Data provided:
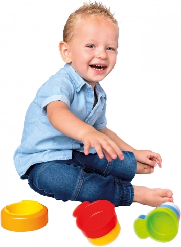 Każdy kubeczek ma swój kolor i rozmiar, co pomaga dzieciom naturalnie rozróżniać, sortować i uczyć się podstawowego liczenia podczas zabawy.
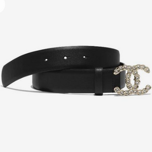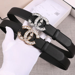 CC WOMEN'S BELT 3.0CM LEATHER BLACK BUCKLE SILVER DIAMOND
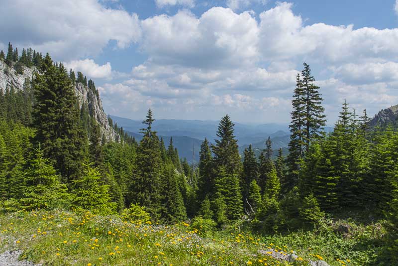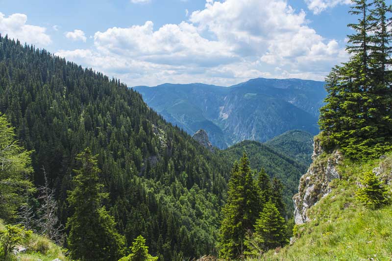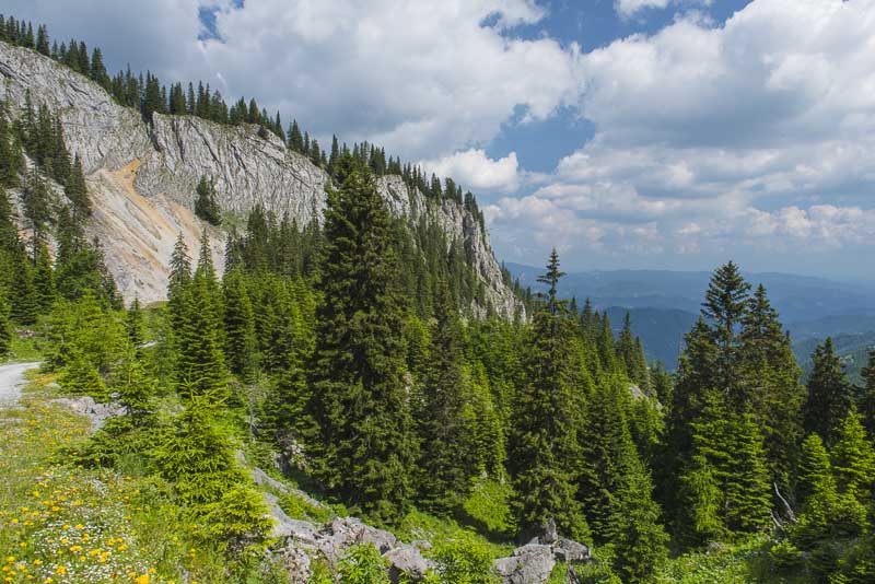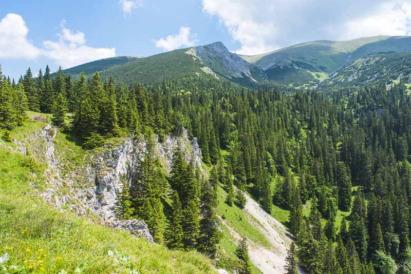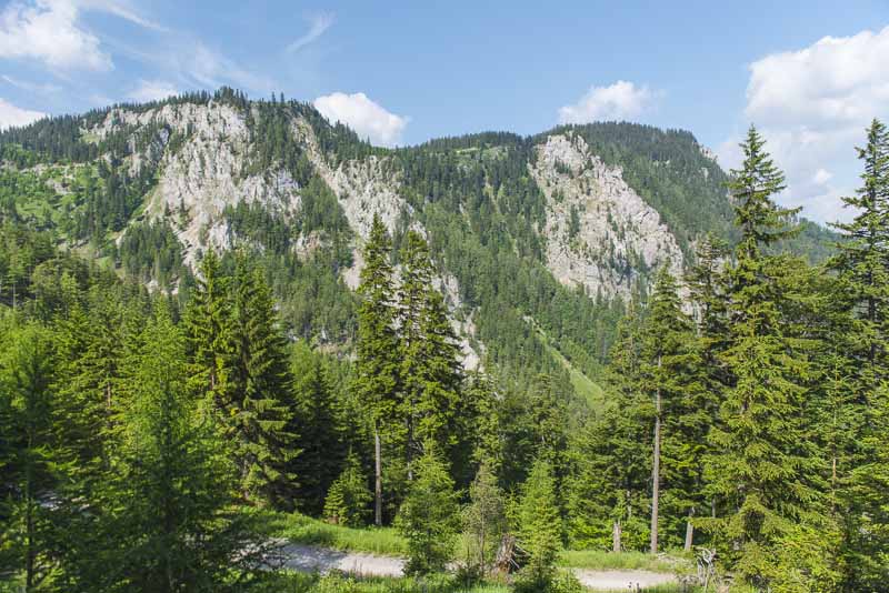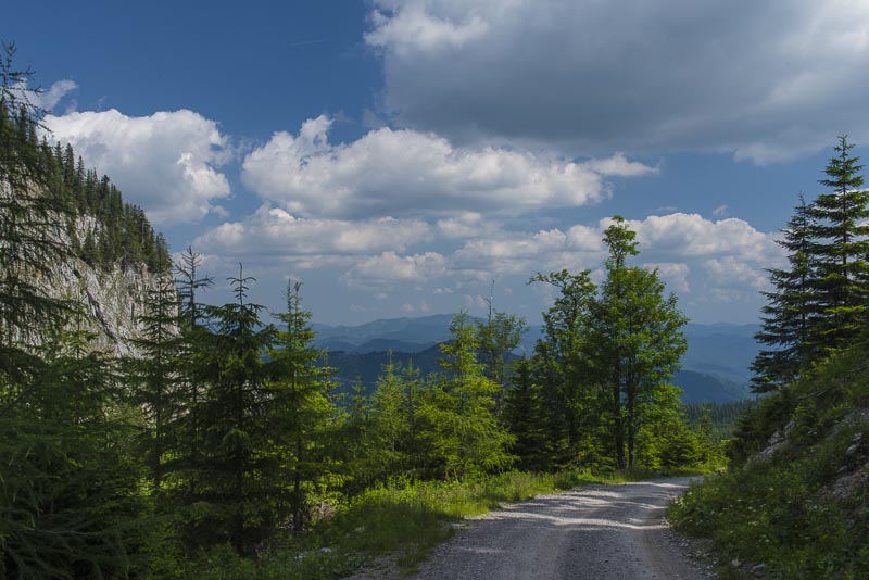 Blick zurück, es geht jetzt eine Forststraße bergauf.
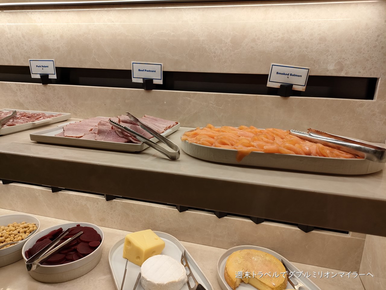 ラウンジ内のビュッフェ台に温かいお料理、パン、シリアルなど、壁側には冷蔵ケースがあり、冷たいお料理が並びます。
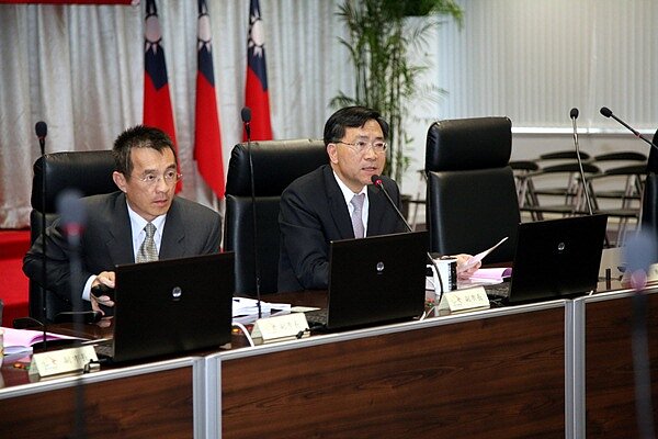 台中市長胡志強缺席治安會報,由副市長蔡炳坤(右)主持。
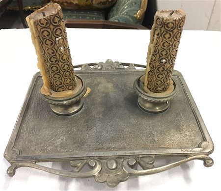Portacandele in mettallo argentato con bordo sagomato e traforato
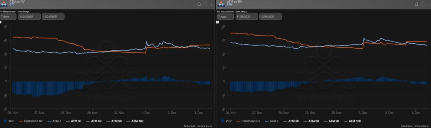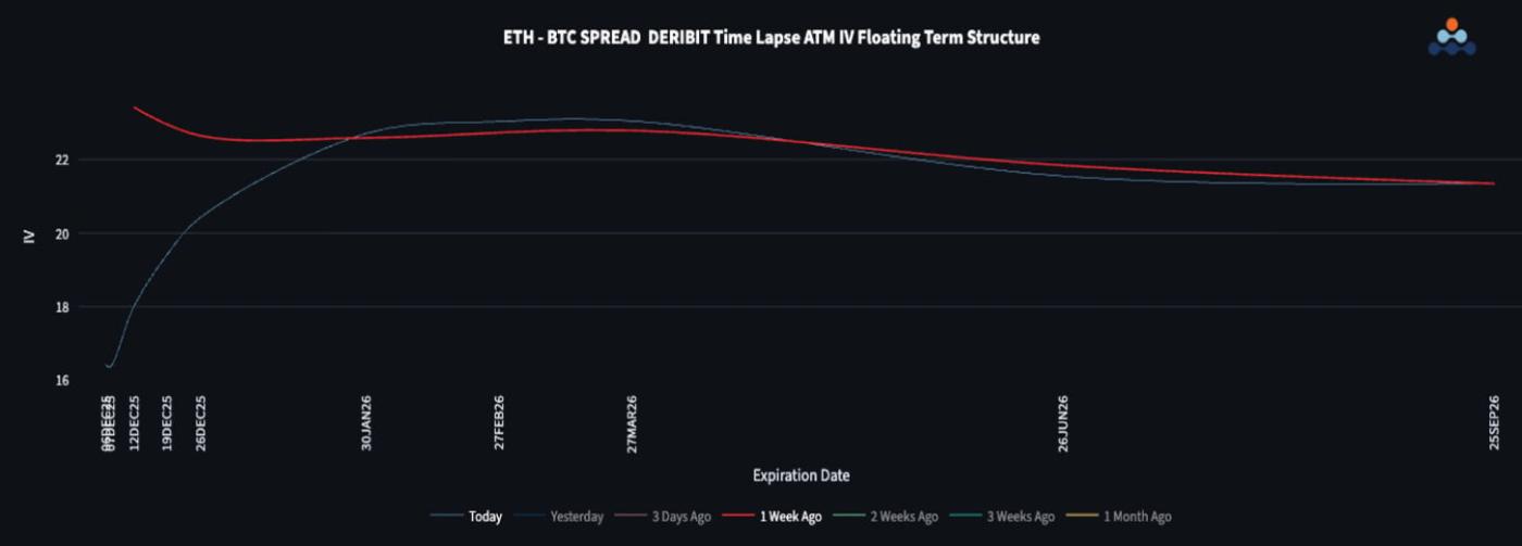 ETH vol compressed sharply versus BTC in the front expiry, bringing the vol spread into the mid- teens (while longer maturities still trade above 20 vols).
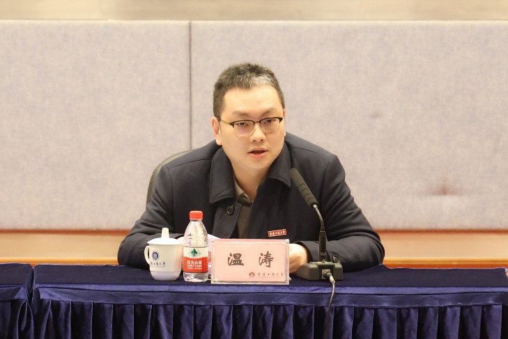 全国政协委员,民盟中央委员、重庆市委会副主委,校长温涛介绍了2024年全国两会召开的总体情况,传达了习近平总书记在全国两会期间的重要讲话精神,传达十四届全国人大二次会议精神和全国政协十四届二次会议精神,对政府工作报告的重点和亮点进行了解读。
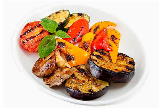 Баклажан кабачок помидор перец болгарский подается с соусом цацики
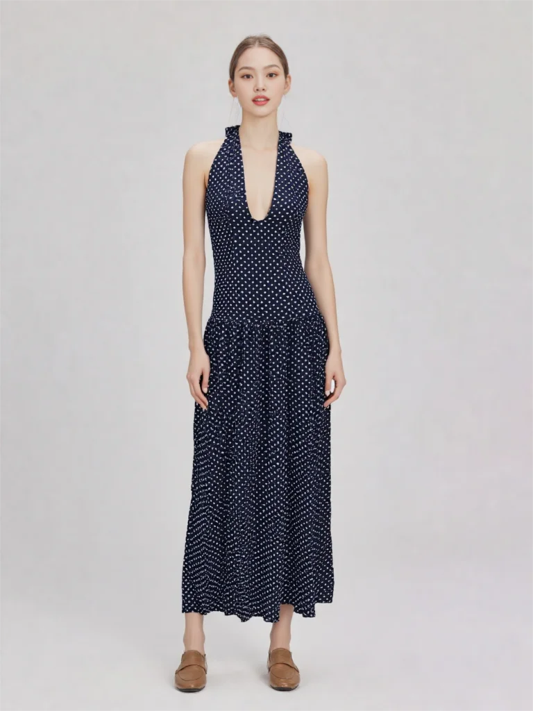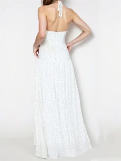 Women Long Dress, Sleeveless Halterneck Backless Dots/Floral Slit Dress for Cocktail Party
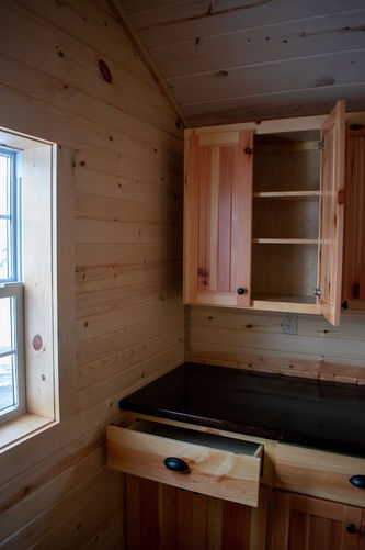 In addition to the Shell Package options listed above, Key Entry Package come with additional features such as electric, kitchen cupboards, bathroom fixtures and hot water heaters. The additional options included in the key entry package are as follows: Floor insulation available: closed cell spray foam recommended no less than 2" Wall insulation (optional): closed cell spray 2" (R14 value) of fiberglass (R13, R19, or R21 also available) Trim: 1x4 (Stain color options) Floor covering: vinyl floating flooring (color options) Bathroom/s: 36" walk in shower, toilet and pedestal sink Kitchen: 7' straight section of cabinets in natural, rustic or hickory stain, single bowl sink, counter tops of custom epoxy design (3 options) Electric: 100- or 200-amp service box, GFI outlets in kitchen and bathroom, outlets every 8-12 feet, 2 recessed lights in each bedroom, 6-10 recessed lights in kitchen/living area (depending on floor plan), bathroom exhaust fan, and 220 kitchen stove outlet. Plumbing: inlet water line, gray water, sewer is stubbed out on an outside wall for final connection (we do not make final connection), water lines are connected and pressurized before hook up Water heater: gas or electric on demand Heat/AC: mini split units (price not included in the square foot price list above)
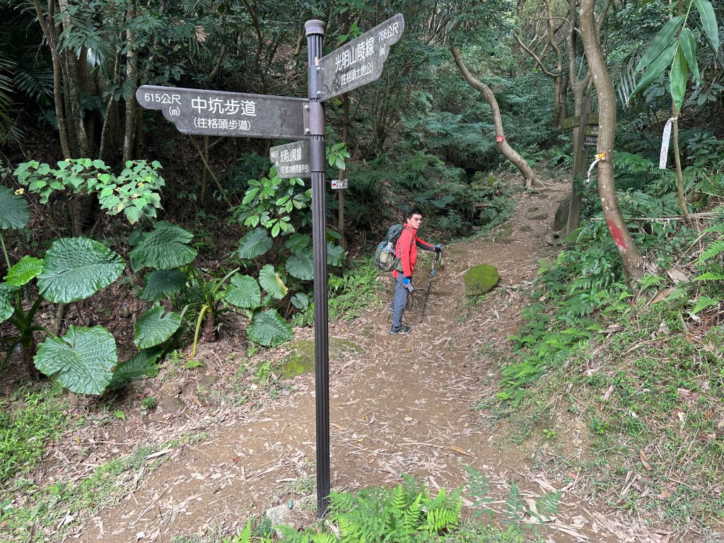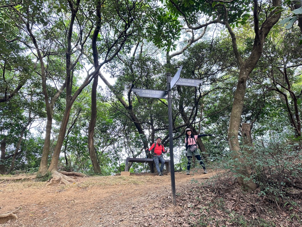 回走200m會回到剛才穿出來的岔路口,持續沿著牛灶坑步道再走100m就會接上光明山稜線步道,在此三岔路左轉走100m抵達彰埔坑山,這已經是今天的第五峰。稍微休息一下,再度原路而回到牛灶坑步道與光明山稜線步道的三岔路,接著就一路沿著光明山稜線步道而上,中途有右岔路可以通往阿南坑山,右岔出走200m可抵阿南坑山,但這一路段原始少人整理,比較崎嶇一些。
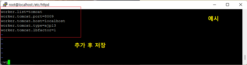 [root@localhost ~]# vi /etc/httpd/conf/workers.properties (worker 설정)
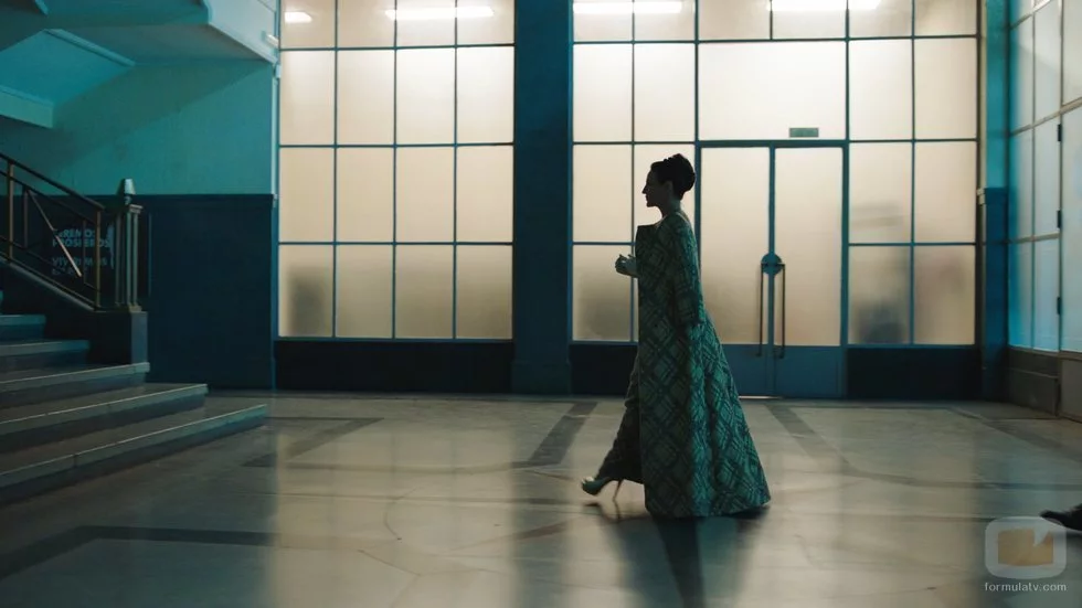 La actriz argentina porta un atuendo de clase alta en esta imagen de la ficción producida por Atresmedia en colaboración con Good Mood.

What you are asked to do:
Repeat the lines above, starting at the first and stopping after the line that holds "台中市長胡志強缺席治安會報,由副市長蔡炳坤(右)主持。", with the pictures left out.

Reply to the task:
 Każdy kubeczek ma swój kolor i rozmiar, co pomaga dzieciom naturalnie rozróżniać, sortować i uczyć się podstawowego liczenia podczas zabawy.
 CC WOMEN'S BELT 3.0CM LEATHER BLACK BUCKLE SILVER DIAMOND
 Blick zurück, es geht jetzt eine Forststraße bergauf.
 ラウンジ内のビュッフェ台に温かいお料理、パン、シリアルなど、壁側には冷蔵ケースがあり、冷たいお料理が並びます。
 台中市長胡志強缺席治安會報,由副市長蔡炳坤(右)主持。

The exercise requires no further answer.